Materials and Methods

Sardinian patients and samples

This research was approved by the Ethical Committee of the Sassari AOU. Our study included 30 patients who diagnosis as prostate cancer and received surgery in 2010. Patients with localized prostate cancer that had prostate resection before ADT treatment were inclusion in this study. Patients with metastatic disease or received ADT treatment before tumor resection were exclusive. Most patients had levels of PSA <10 ng/ml and Gleason scores ≤7 (low risk, 23 out of 30 patients). Six patients had PSA levels between 10 ng/mg and 20 ng/ml and Gleason scores ≤7 (intermediate risk, 6 out of 30), and one patient had a Gleason score of 9 (high risk, 1 out of 30). The age distribution of the patients ranged from 54 to 74. In these patients, twenty were 60~69 years old, four were 53 to 59 years old, and six were 70 to 74 years old. Survival records showed that one patient died within one year after diagnosis, while another four patients deceased 5 years after diagnosis. All patients had prostate resection before ADT treatment. Clinical information is summarized in Table 1.

 Table 1 

Clinical parameters of 30 prostate cancer patients

Clinical parametersNumber of Patients
Gleason Score
3+36
3+413
4+39
4+31
4+3+51
PSA
1~44
4~1020
10~206
Age
53~594
60~6920
70~746
Risk Stratification
low risk23
intermediate risk6
high risk1
Survival
dead within 5 years1
dead after 5 years5
alive24
ADT Treatment Naive30

Tissue was obtained from tumor resections from patients who received radical prostatectomy and were formalin-fixed paraffin-embedded and stained with hematoxylin and eosin.
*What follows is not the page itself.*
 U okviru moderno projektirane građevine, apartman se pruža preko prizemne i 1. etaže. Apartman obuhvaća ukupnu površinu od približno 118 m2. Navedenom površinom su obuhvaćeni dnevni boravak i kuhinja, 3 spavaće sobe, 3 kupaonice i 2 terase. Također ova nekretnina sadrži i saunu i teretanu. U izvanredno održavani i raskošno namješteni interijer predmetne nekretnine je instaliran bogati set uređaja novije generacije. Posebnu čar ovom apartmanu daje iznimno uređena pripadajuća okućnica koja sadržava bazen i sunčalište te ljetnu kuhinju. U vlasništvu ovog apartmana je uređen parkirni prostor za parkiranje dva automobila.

All the Formalin-fixed paraffin-embedded tissue (FFPET) were obtained from the Pathology Section of the Department of Experimental Medicine of the University of Sassari (Sassari, Sardinia, Italy). Paraffin blocks were marked boundaries between tumor lesions and corresponding tumor adjacent tissues and then cut into two sections based on boundaries. In principle, the tumor lesions were engaged into sequencing as tumor tissue, the corresponding tumor adjacent tissues were sequenced as controls.
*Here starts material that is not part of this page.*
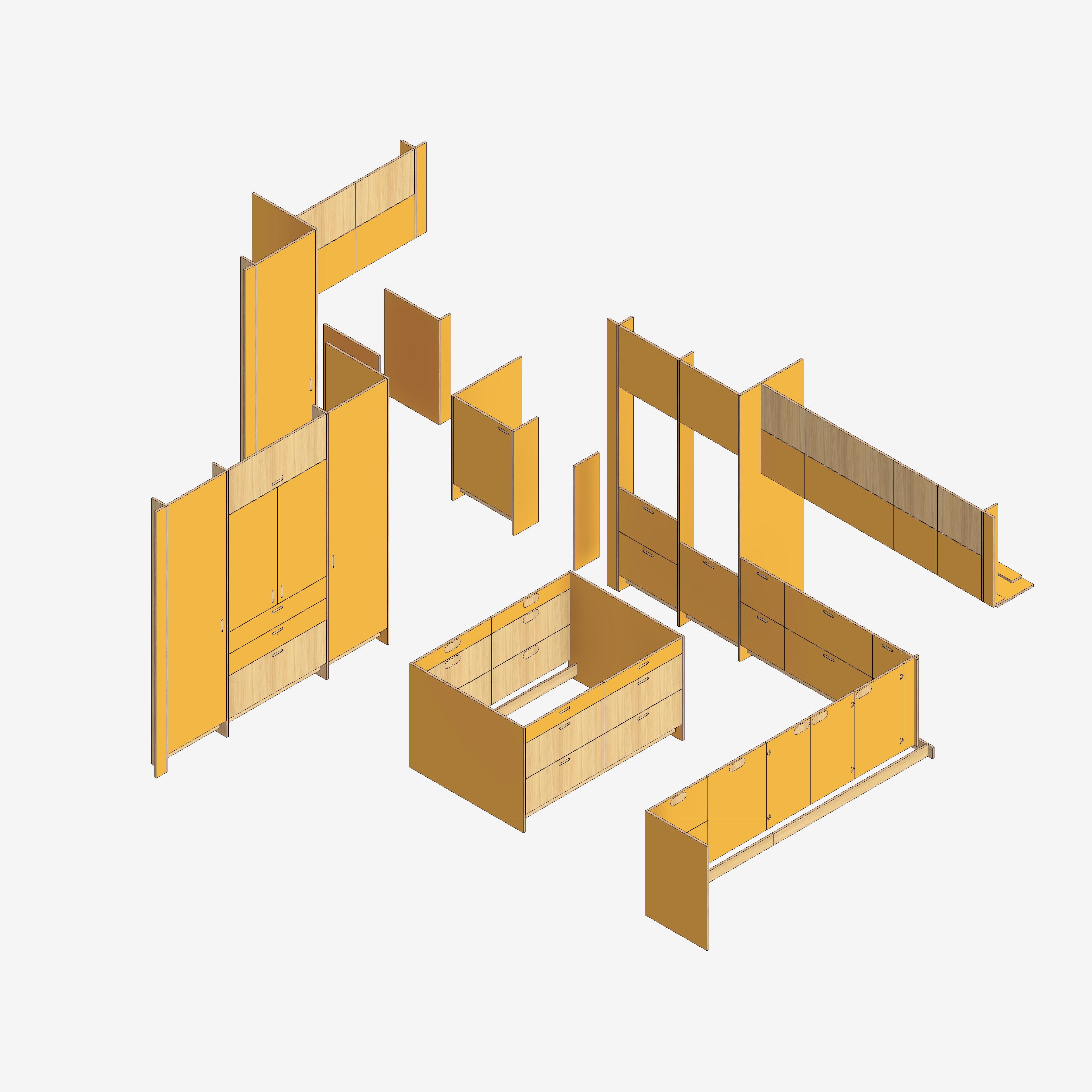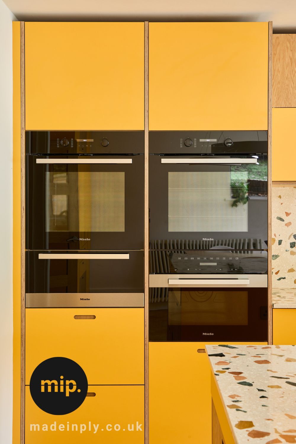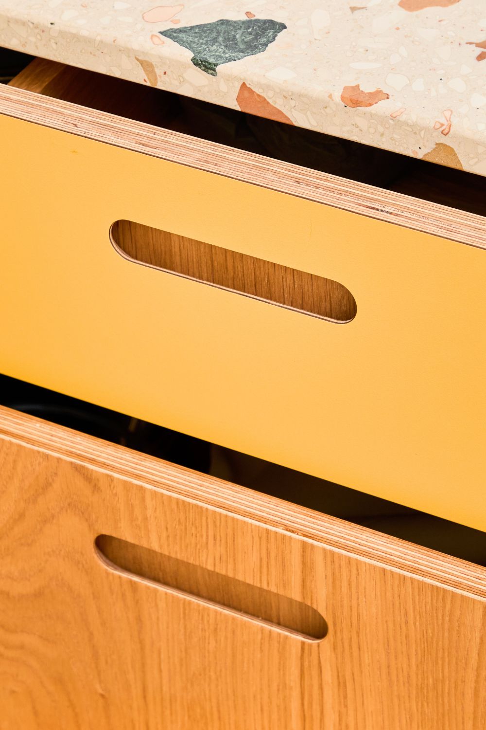 ● Material palette: birch plywood cabinets with Formica Sol (sunshine yellow) fronts and terrazzo worktops

The Cancer Genome Atlas (TCGA) patients

From the Cancer Genome Atlas (TCGA) database (https://cancergenome.nih.gov/), a total of 497 primary prostate cancer patients with gene expression profiles were identified and used in this study. Clinical characteristics at time of diagnosis, including PSA levels, Gleason score, and clinical stage were described. Disease-free survival (DFS) was the primary end point of this study. DFS was defined as the time from diagnosis to the first event, including biochemical recurrence, death, on the last follow-up. Between-group comparisons of DFS were performed by the Kaplan-Meier method and the log-rank test. Gene differential expression of TCGA pan-cancer was performed by TIMER DiffExp module [23].

DNA and RNA extraction

DNA was extracted from 250 ul of whole peripheral blood by QIAamp DNA Blood Mini Kit with a total amount of 10-50 ug. The QIAGEN GeneRead DNA FFPE Kit, which enables purification of high-quality genomic DNA and removes artificial C>T mutations, was used to extract DNA from the formalin-fixed paraffin-embedded tissue (FFPET). RNA extraction from FFPET was performed using a QIAGEN RNeasy FFPE Kit that was specifically designed for purifying total RNA from formalin-fixed, paraffin-embedded tissue sections. All the above procedures were performed following the manufacturer's protocols. The concentration and quality of the extracted DNA and RNA were determined by Qubit3.0 and Agilent 2100. The qualified DNA that with the fragment size more than 800 bp was engaged into the next library step. RNA was reversed transcript to cDNA for ETS fusion detection.

ERG fusion detection by polymerase chain reaction (PCR)

ERG fusion detections were performed by polymerase chain reaction PCR. cDNA was generated using SuperScript IV One-Step RT-PCR System (Applied Biosystems TM, USA). PCR was performed with the primers F: GCTCCTATCACGCCCACCCA and R: TCCTTCCCCAGCCCCAGTAAA to estimate the expression of the ERG gene. As contrast, the expression of the housekeeping gene glyceraldehyde-3-phosphate dehydrogenase were detected with primers F: TGCACCACCAACTGCTTAGC, R: GGCATGGACTGTGGTCATGAG. Samples with ERG expression were selected to determine if any samples contained any of the known 5 types of breakpoints for TMPRSS2-ERG fusions. The primers for detection of each breakpoint are listed in Supplementary Table S1.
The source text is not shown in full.